Absurd Patents for Commonplace Things

We know you like to have rounded corners on your electronic devices. Well, so does Apple. So much in fact that they found a way to get a patent on the concept. If you want to make a rectangular gizmo and round the corners, either keep a low-profile or consider lawyering up. This is just another attack in the insane patent war going on between major tech companies—one powerful enough to make Samsung cough up $1 billion.

This isn’t the first over-generalized patent to be granted and it certainly won’t be the last. Quartz put together a list of common sense patents that have been violated a countless number of times.

“Circular Transportation Facilitation Device”
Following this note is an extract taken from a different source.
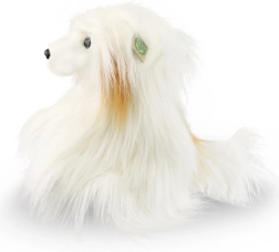Den lange hvide pels og det detaljerede ansigt giver indtryk af en levende lille hund. En skøn ledsager til kram og fantasifuld leg.
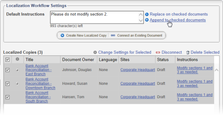 - Select the check boxes of one or more copies, and then click Append to checked documents. The text currently in the Default Instructions box is added on a new line after any existing instructions.

As technical as that name might sound, it’s a patent for the wheel. The legal protection of the 5000-year-old invention was issued in 2001 to Australian John Keogh. It was done in order to demonstrate the failings of Australia’s patent system which would fast-track the patenting of “new ideas.”

“Wireless Communication System”

How vague is that? Vague enough. NetAirus Technologies filed to patent anything that’s wireless and communicates in 1999 and was granted the patent in 2006. Because the description of the patent is general enough, and NetAirus has no products of its own, they decided to go ahead and sue Apple. The case is ongoing.

“Method of Concealing Partial Baldness”

Not all hair-styles can be protected as intellectual property but in 1977 a duo of inventors in Florida were granted a patent for the double comb over. For those short on hair, technological folding can be the answer, e.g. master-yeller Donald Trump.

“Method of Swinging on a Swing”

Filed in 2000, granted in 2002, swinging is now a protected art. The actual details on the patent document are scant and mostly include a crude picture of a swing attached to what looks like a strip of bacon. The method isn’t your normal legs-out-legs-in means to movement but rather one where you alternatively pull on each chain, left than right, to induce side-to-side motion. Fun, right?